South Africa is still searching for its ultimate upright, capable and democratically strong president.
Each one of the four Cyril Ramaphosa democracy-era predecessors had moments of glory and uncompromised power, but each also carried weights that prevented a rise to unadulterated greatness. This was true even for Nelson Mandela, and the experience of the succession of presidents bears lessons for Ramaphosa.
At this moment in South African politics – as Ramaphosa encounters denunciations of weakness, amid uncertain mobilisation to thwart his rise, and Nelson Mandela reaches another zenith of post-presidential glory – it is instructive to take stock of how transient the moments of South African presidential glory have been.

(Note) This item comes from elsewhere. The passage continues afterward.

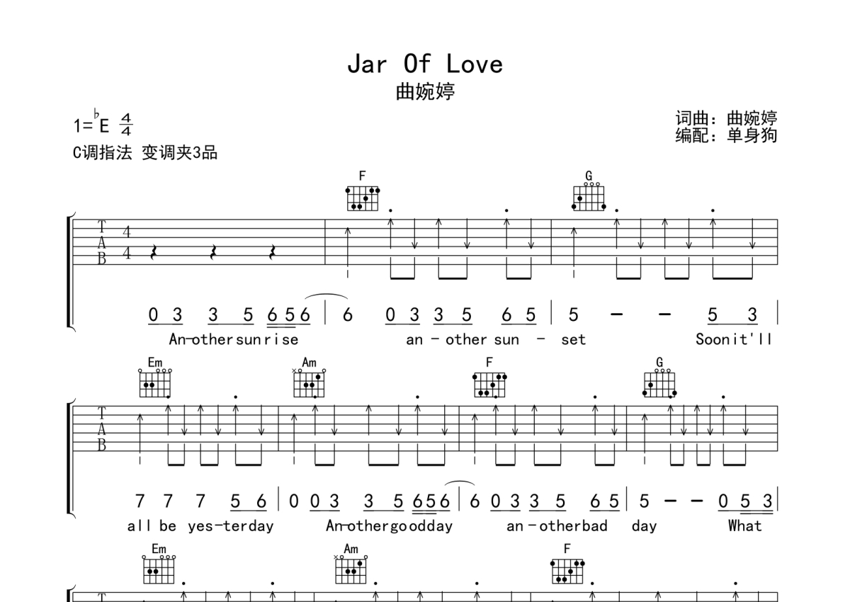 曲谱介绍: 曲婉婷《JarOfLove》吉他弹唱谱,采用C调指法编配,单身狗编配出品,共有6张高清图谱。

The analysis considers South Africa’s post-1994 presidential experiences through the lens of unity and radical transformation.
Mandela’s passage into power was “eased” by the health setbacks and passing in April 1993 of Oliver Tambo. In the process the African National Congress was spared the potential divisiveness of intra-ANC contestation for the top position. As Tambo handed over the ANC presidency to Nelson Mandela in Durban, July 1991, he reflected on the ANC’s trajectory and noted that “we succeeded to foster and defend the unity of the ANC and the unity of our people in general”.
The ailing Tambo was credited for having been a major architect of the ANC’s transition strategy to transcend changing global conditions, build on the failing power of the National Party regime, and negotiate with the minority regime. The ANC approach to the negotiations was challenged, but much consensus came to prevail in light of threatened civil war and the need to find a political settlement at least. ANC organisational problems and factional fighting (often induced by the old order security operations) were rife.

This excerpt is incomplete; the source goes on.